YOUR INSTRUCTIONS. Where the line containing "Ontwikkel de vaardigheden" appears, start repeating, and continue exactly through the last line below, adding nothing. Include no pictures.

MATERIAL SUPPLIED.

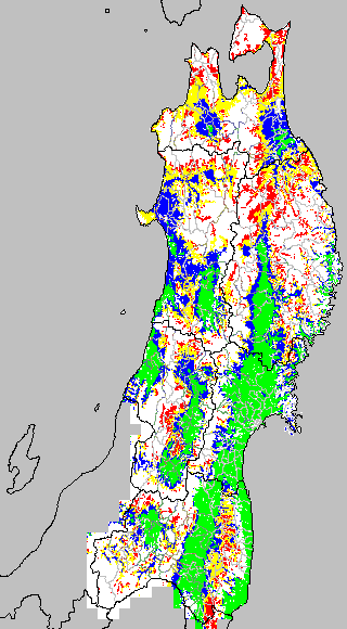 各種文献などを参考にして、草丈・根の伸長に関する限界温度を平均気温で13℃と設定し、13℃以上については1℃刻みで表示します。過去7日の移動平均値で示す。草丈や根の伸長が遅延すると予想される地域を監視するものです。
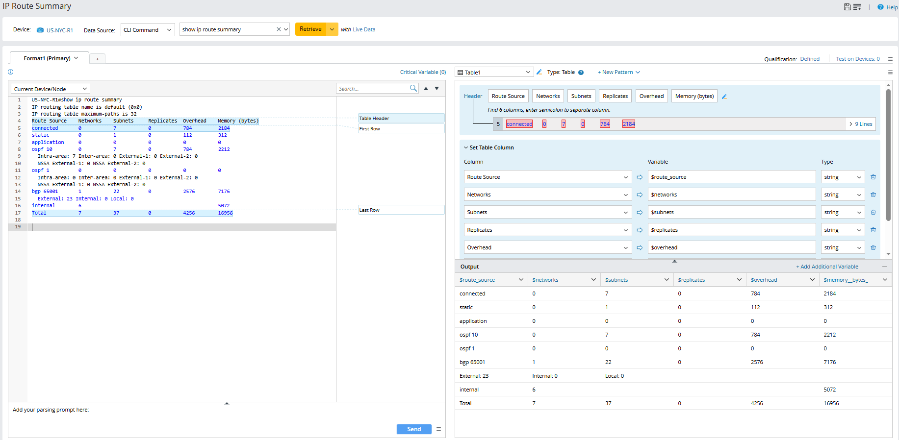 Take the parsing of the IP Route Summary table as an example. You can define a Table Parser to parse the IP Route basic information.
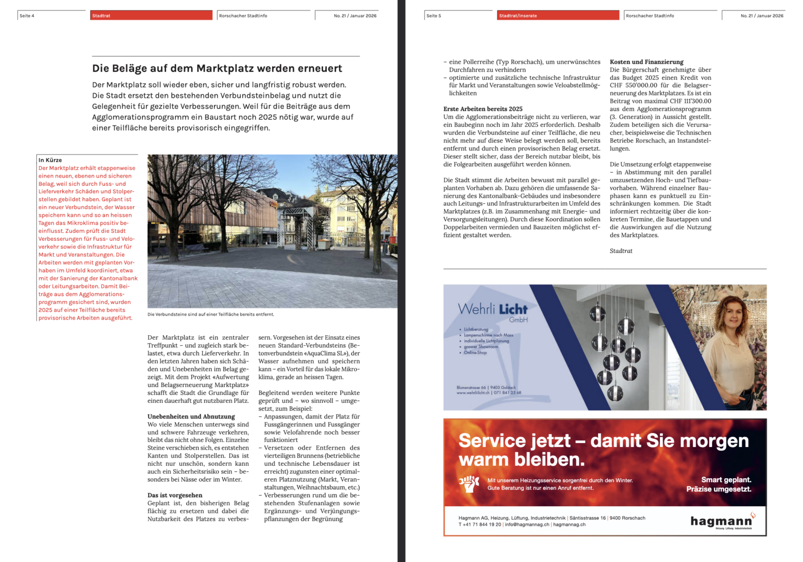 Der Marktplatz erhält etappenweise einen neuen, ebenen und sicheren Belag, weil sich durch Fuss- und Lieferverkehr Schäden und Stolperstellen gebildet haben. Geplant ist ein neuer Verbundstein, der Wasser speichern kann und so an heissen Tagen das Mikroklima positiv beeinflusst. Zudem prüft die Stadt Verbesserungen für Fuss- und Veloverkehr sowie die Infrastruktur für Markt und Veranstaltungen. Die Arbeiten werden mit geplanten Vorhaben im Umfeld koordiniert, etwa mit der Sanierung der Kantonalbank oder Leitungsarbeiten. Damit Beiträge aus dem Agglomerationsprogramm gesichert sind, wurden 2025 auf einer Teilfläche bereits provisorische Arbeiten ausgeführt. Den ganzen Artikel findet man in den letzte Woche verteilten Rorschacher Stadtinfos (Seiten 4 und 5), sowie online hier.
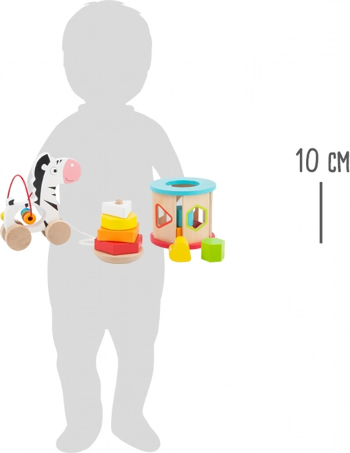 Ontwikkel de vaardigheden van uw kind met deze kleurrijke set houten speelgoed die zowel plezier als educatieve waarde biedt. De set bevat een trekzebra, een stapeltoren en een vormencilinder, die ideaal zijn voor motorische ontwikkeling.
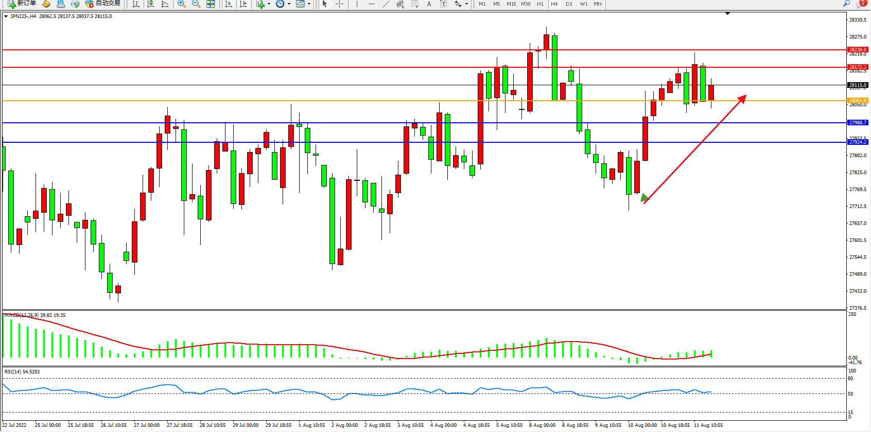 4小时图看:多头动力强势拉升上扬,高位窄幅整理,MACD指标处于0轴线上側窄幅整理,RSI指标处于50均衡线上側弱势徘徊;

WRITTEN SOLUTION.
 Ontwikkel de vaardigheden van uw kind met deze kleurrijke set houten speelgoed die zowel plezier als educatieve waarde biedt. De set bevat een trekzebra, een stapeltoren en een vormencilinder, die ideaal zijn voor motorische ontwikkeling.
 4小时图看:多头动力强势拉升上扬,高位窄幅整理,MACD指标处于0轴线上側窄幅整理,RSI指标处于50均衡线上側弱势徘徊;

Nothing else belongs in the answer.